For an explanation of how distributional learning works and a rundown of how to implement a 1-7-30 study plan check out this great article. I’m really keen to put this system into place and see if I notice any improvements.

Finally, when it comes to things you have learned there is one important rule: use it or lose it. If you want to remember what you have studied, you need to use that knowledge in real life. At CCI Training Center you have the advantage of attending both theory and lab classes. Not only do you get to understand why: you also get shown how. You are more likely to remember information if you actually put it into use, so make sure you use your lab time wisely to retain the theory you have been learning.

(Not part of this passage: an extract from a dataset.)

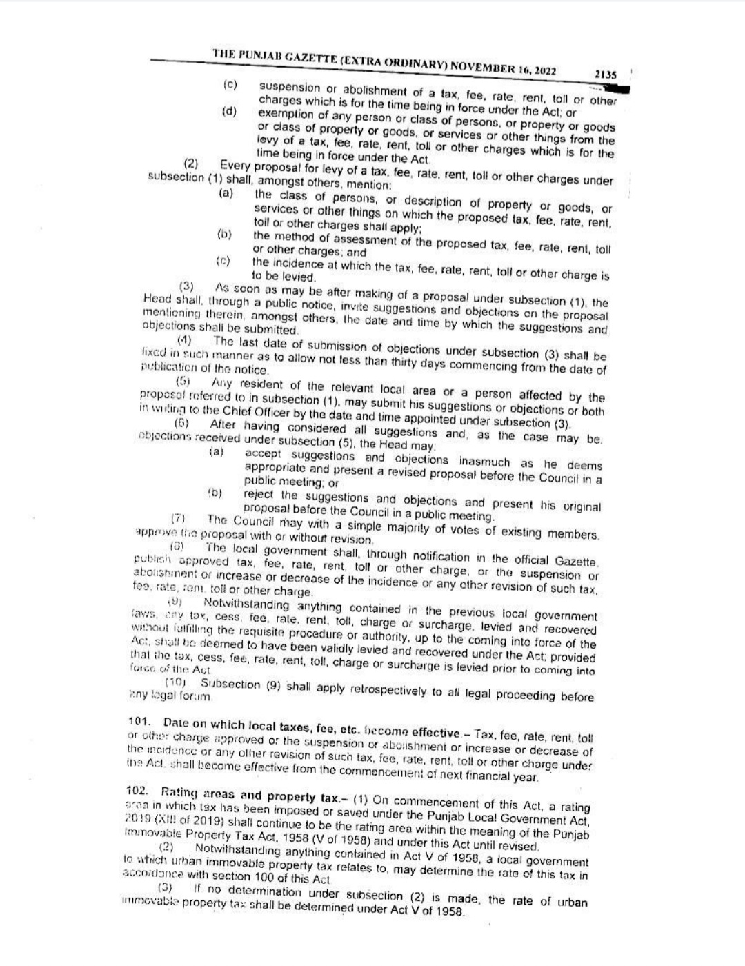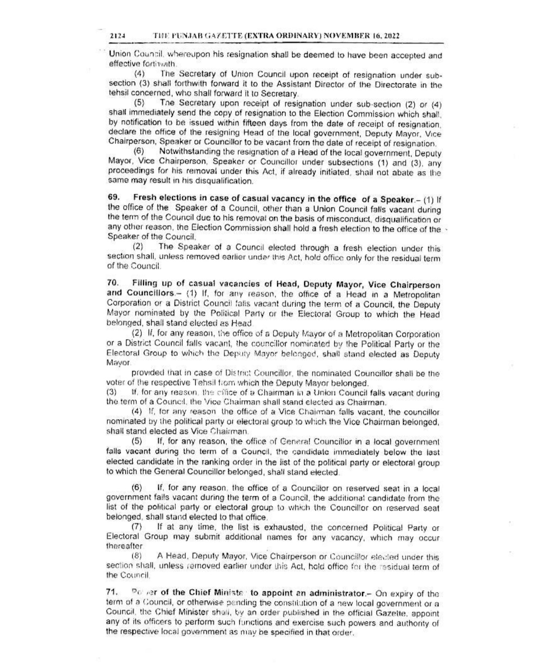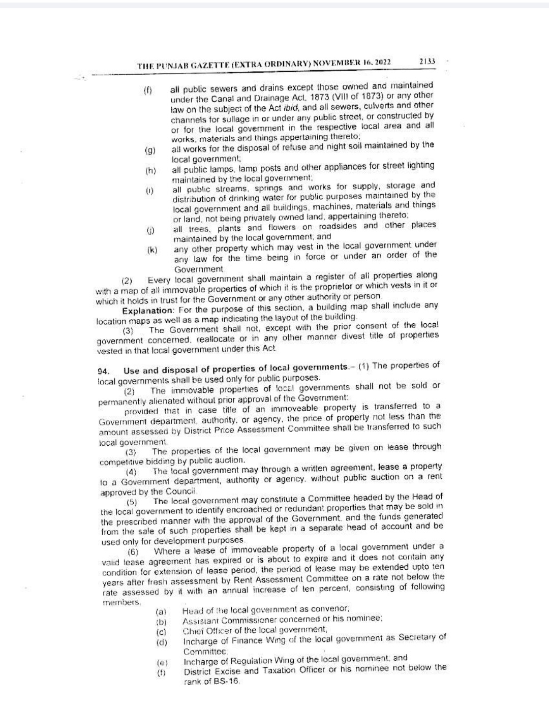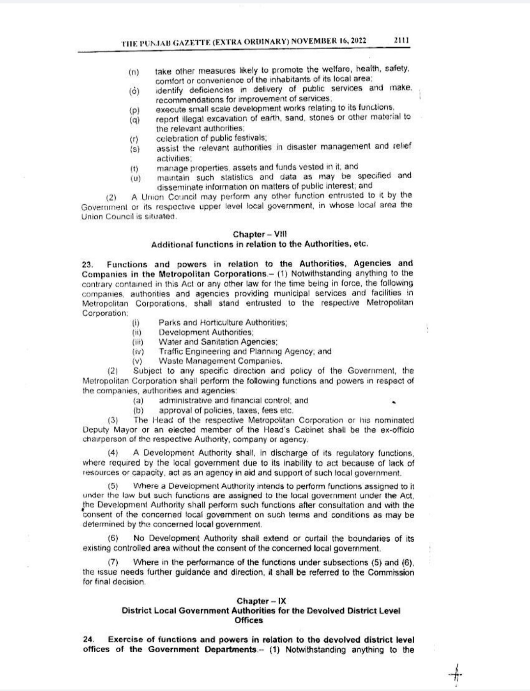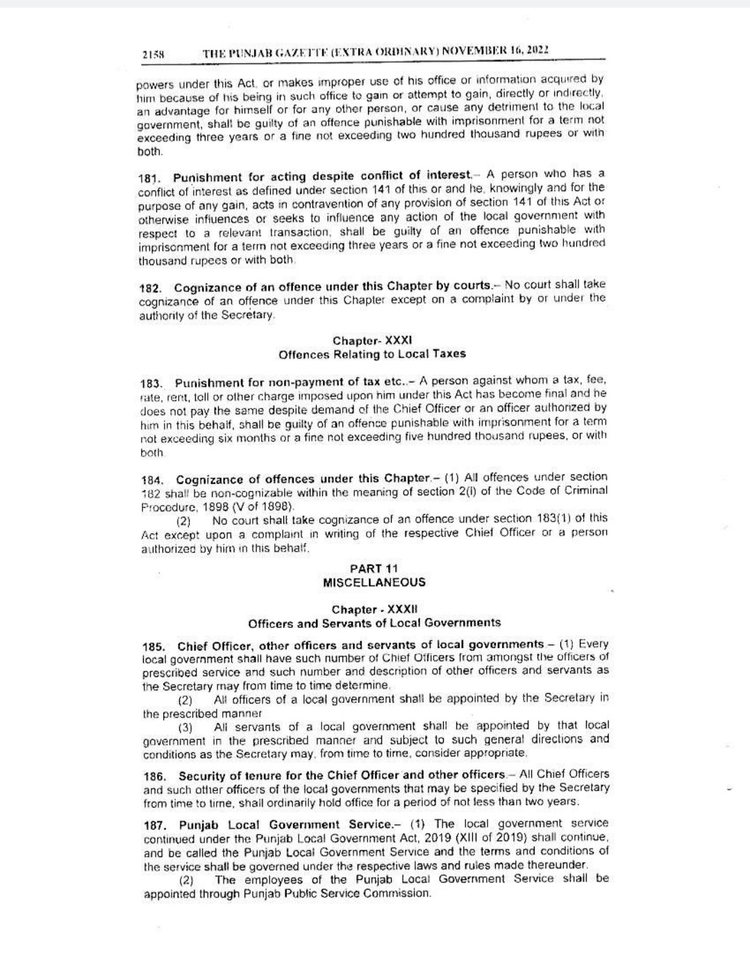 Punjab Local Government Act 2022 Gazette Notification

Practice makes perfect: four fun apps to help you learn

Memrise
The study tool I use the most is Memrise. You can choose from the thousands of courses within the app or add your own course using a question/answer or keyword/definition format. I use this app so much I now write my notes in question and answer format within a spreadsheet so I can use Memrise’s bulk upload feature. The only downside is that you can only create a course through the web app and it can be tricky to figure out how to do it.

Quizlet
Quizlet allows you to create your own flashcards and games as well as being able to search the database for study tools in your chosen topic area. On top of the flashcards, there is a ‘match’ mode where you have to match question to answer and a ‘learn’ mode that will show you a question, and you have to type in the answer correctly to continue. A big downside is only being able to include voice recording and images in the paid version.

Cram
Cram is another app that allows you to create flashcards or find flashcard sets created by others on your topic. You can create public or private sets of flashcards, and you can add photographs. While Cram provides two learning mode to review your material, there are no ways other ways to practice using the information on the flashcards, such as games or quizzes. Cram does one thing and does it well.

StudyBlue 
StudyBlue provides much the same service as Quizlet and Cram, being a straightforward flashcard app. You can create flashcards and view those created by others. The big plus for StudyBlue, and the only reason I have included it is that you can add both photos AND record audio to your flash card.